You will then get a page confirming payment pending. Wait until payment has been taken from your bank account and then follow the next steps... 

This part of the process is not in English! It is not difficult. Follow this link.... Fill in the details in the following order... 


NIF/NIE/Passaport * = Your passport number as entered on the application form. 

Número de llicència = Licence number - you don't know this yet. Leave it blank. 

Data de naixement * = Date of birth. Use dd/mm/yyyy format. 

Tipus de llicència * = Type of licence applied for. Select the "Llicència de pesca recreativa" Option. 

Click the "Cerca" button. 

A new page opens. On the top half is a button named "Impressio llicència". Click it. 

A new window opens and if your application has been completed and your licence is issued, then you can now see, save and print your licence. It is pdf format. If the application has not yet been completed, wait a day or two and then repeat this part of the guide. If you save it to disk, you will need to use your browser to open it and you will need acrobat reader installed. 

Don't forget to take it with you! HAPPY FISHING.

The link to the site is

Spanish fishing licence


----------



## bobbylennox (Jul 13, 2011)

thanks guys.


----------



## Alcalaina (Aug 6, 2010)

Full details of regulations in Andalucia here:

Fishing - Rural Tourism in Andalucía, Southern Spain

Though I'm pretty sure most of the people I see catching their dinner off the Puerto Real-Cadiz bridge don't have marine licences.


----------



## gus-lopez (Jan 4, 2010)

& you also need a different licence depending on whether you are shore fishing, sea fishing , fresh water fishing.

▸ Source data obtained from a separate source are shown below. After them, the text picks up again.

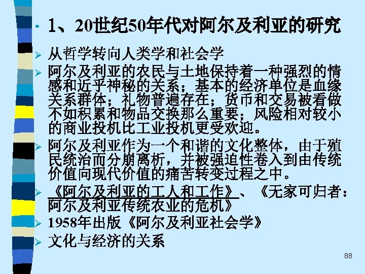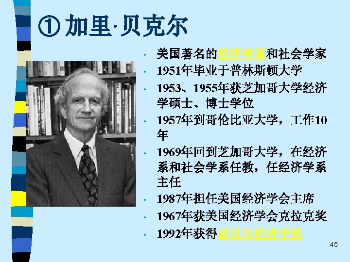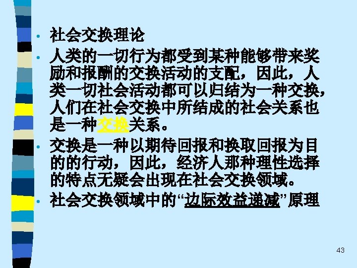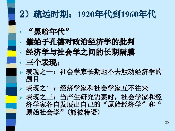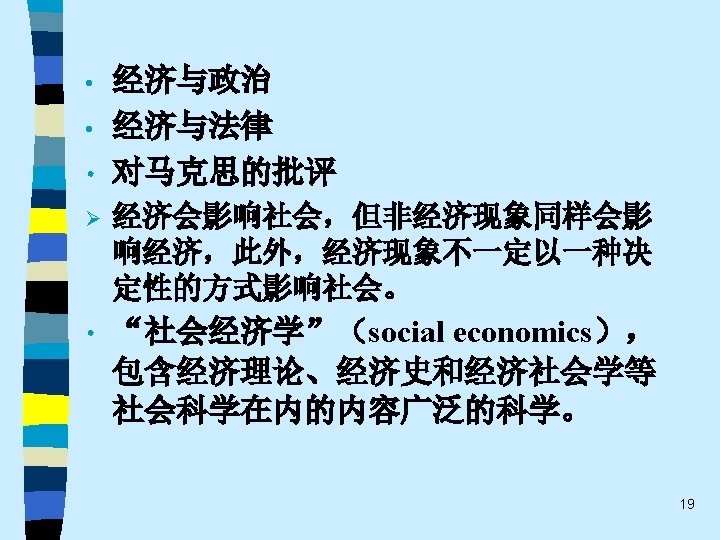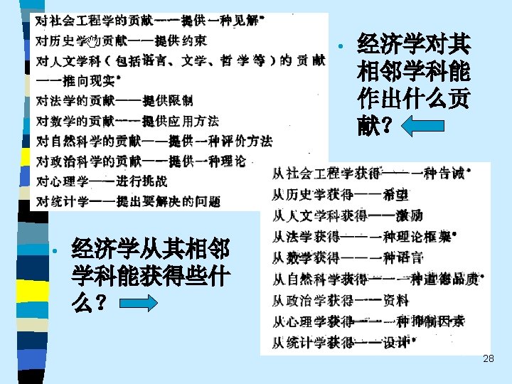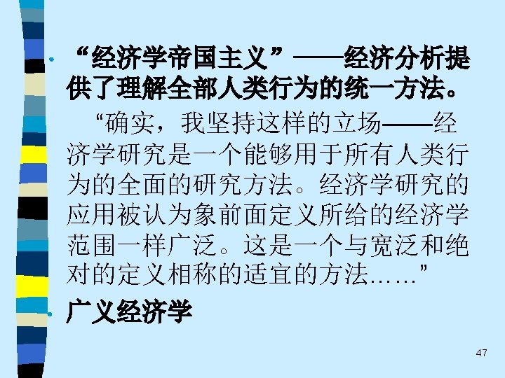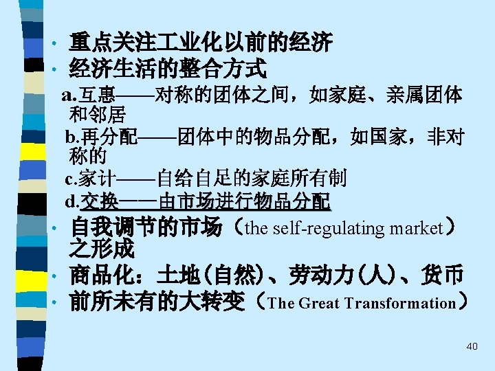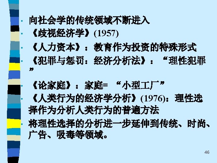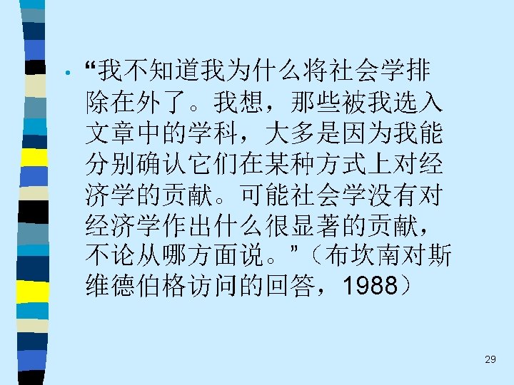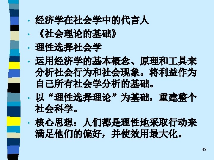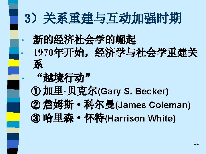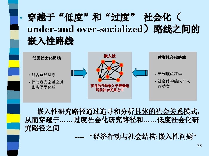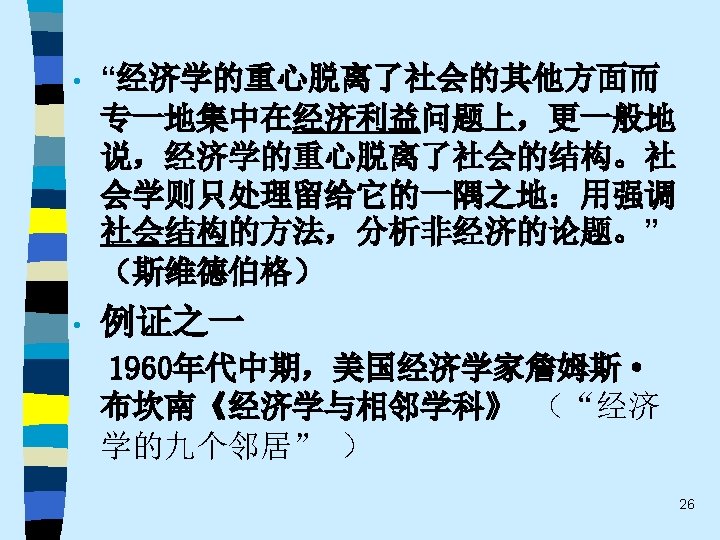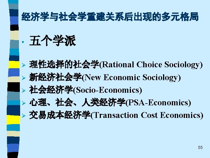 • 趋势之五 One of the most promising modes of relating the fields of economics and sociology remains that which might be termed “ complementary articulation”. Of necessity, any line of disciplined inquiry focuses on certain operative variables and determinants, and “freezes” others into parametric assumptions. Often the territory thus frozen is that very territory that is problematical from the standpoint of another line of social science inquiry. It is this dialogue about the precise role of operative variables and the conceptual status of parameters that holds out the best promise for communication and theoretical development in both economics and sociology. This strategy appears much more engaging that the several polemic hostility, mutual separation and toleration, or shapeless eclecticism(折中主义). 61
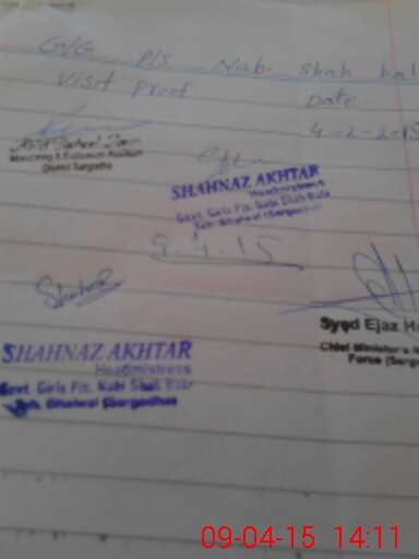| District: SARGODHA | Tehsil: BHALWAL | Markaz: PURANA BHALWAL - FEMALE | Level: Middle | |
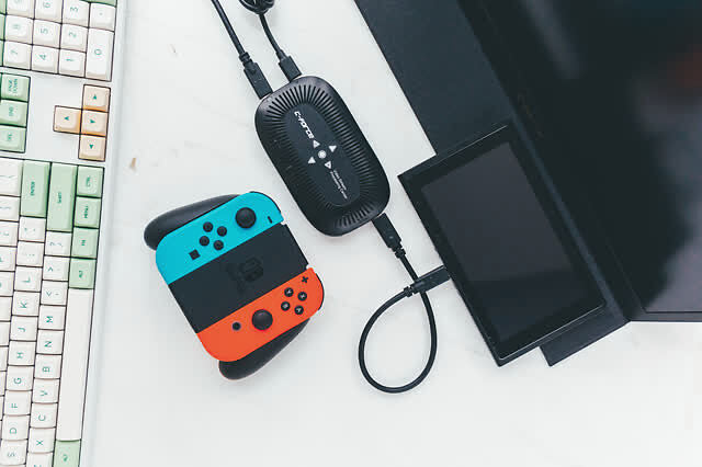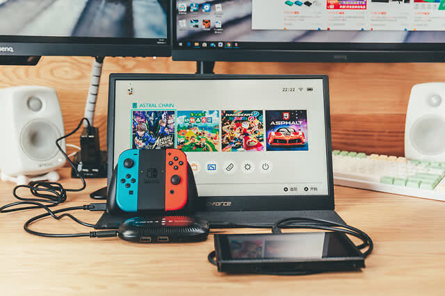 电源供电,一端接上CF015C,一端接上Switch主机,就可以开始便携屏幕Switch之旅了。
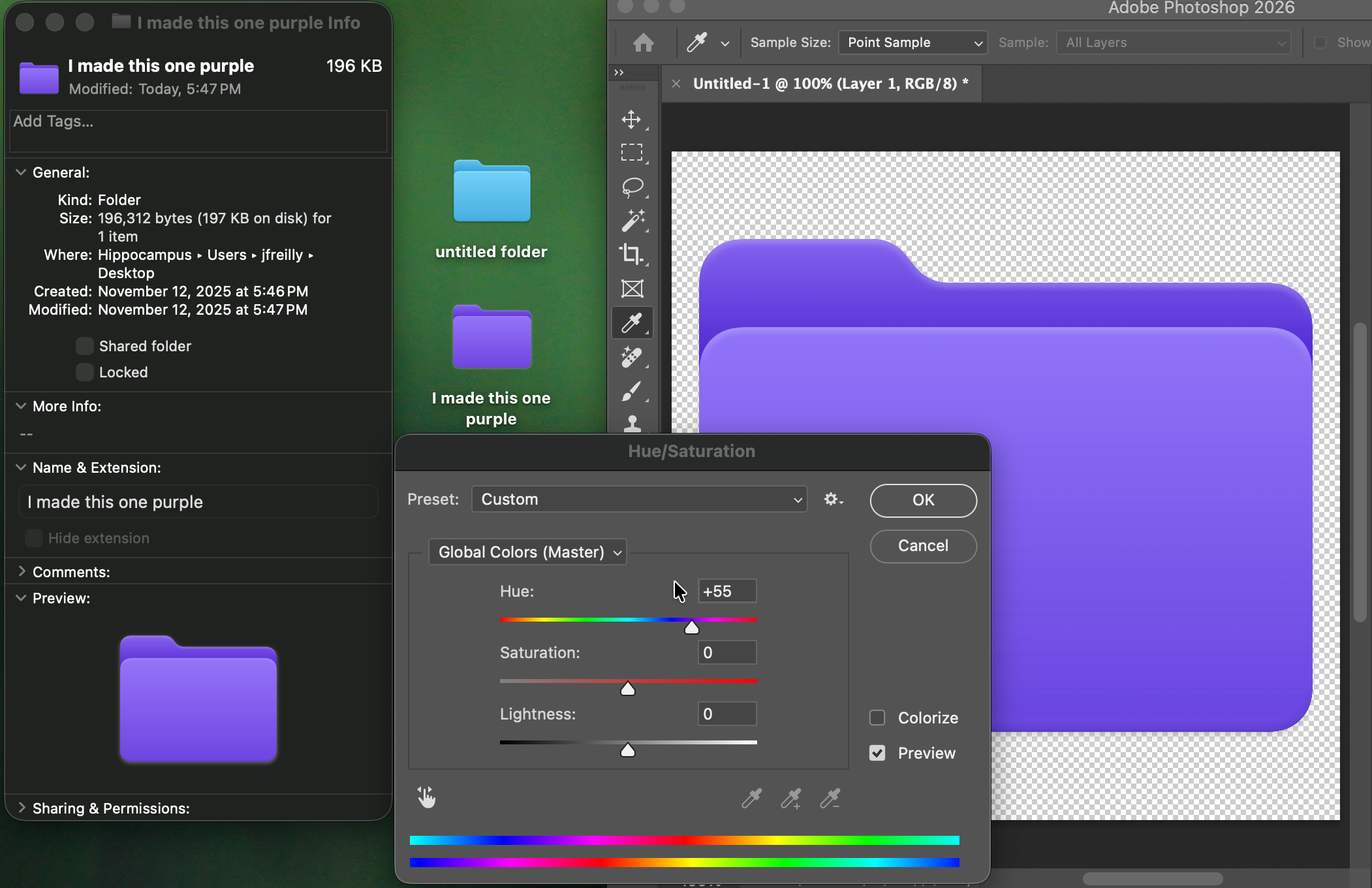 But...the only way to choose a specific folder color is with a tag. That's shown in the Customize Folder option, where you can see it's linked to the set of tags. The tags shown below are the 'Favorite Tags' in the Finder settings screenshot above, and if you remove all of the Favorite Tags, then the option to Customize Folder also disappears.
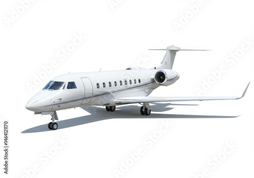 White private jet airplane isolated on a white background, showcasing its sleek design and luxurious features
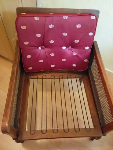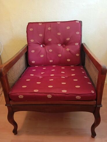 - Tapacirung: dve odvojene jastučiće – sedište i naslon – u bordo štofu sa diskretnim zlatnim motivima (krunice). Jastučići su dugmadima proštepani radi boljeg držanja punjenja.

I'm sure there's a 4th but can't remember it.


----------



## JoCatalunya (Mar 16, 2011)

thrax said:


> I fopund this article on the web:
> 
> Fishing licences in Spain (Catalunya)
> Spanish fishing licences are not valid for the whole of Spain. Each region has it's own fishing licence and if you wish to fish in more than one region you will need a valid fishing licence for each region. For example: in Catalunya, you will require a licence from the Catalan authorities. It is not valid in any other region.
> ...


Just a quick add to, make sure you state where you want to fish, either river, sea or lake, as if you buy the wrong licence you will be liable if caught fishing say on the Ebro with a sea licence a whacking sum, over 400 euros, payable on the spot. 

Also if you are fishing on the Ebro, (usually folk come for Catfish) remember if you are seen throwing any size catfish back by the Medi Ambient / Rural Agents you will incur a huge fine well over 1000 euros for your lack of ecological consideration. Catfish are considered vermin and therefore are not to be released upon capture but killed. Now as a fisherman that might make you baulk, but hey, that is the law and they stick to it so either don't get spotted or if they are around land the blighter and let them do the biz, (they will shoot it usually). Oh and don't eat the fish caught in the Ebro they are contaminated with mercury amongst other things, courtesy of Franco. (it is still a problem and will be for several decades to come).

Also if you are going to bring over your boat you must register it and have insurance, it cannot have a powerful engine on it either, added to this you may be require to prove you are capable of navigating the river safely.


----------



## Alcalaina (Aug 6, 2010)

> Holders of an existing foreign licence will not be required to take an exam in Spanish and may obtain a fishing licence online from Telelicencia.


Sea and Freshwater Fishing on the Costa del Sol - AngloINFO Costa del Sol (Spain)


----------



## JoCatalunya (Mar 16, 2011)

Oh, if you are using one of the thousand or so fishing guide companies that litter the banks of the Ebro (if you are coming this way) please, please, please check they have insurance. Do not take their word for it, ask to see it. Several disreputable folk who run businesses on the river will tell you they have licences and insurance and will offer to get you a fishing licence etc but then when the rural agents come round they tell you to say you are a mate and not a paying customer. Basically if you have an accident with them you are beggared. 
Add to this make sure you insist on jackets, the River Ebro has some serious under currents that will exhaust even the best swimmer within minutes so you will need all the help you can get to stay afloat in the event of falling in. 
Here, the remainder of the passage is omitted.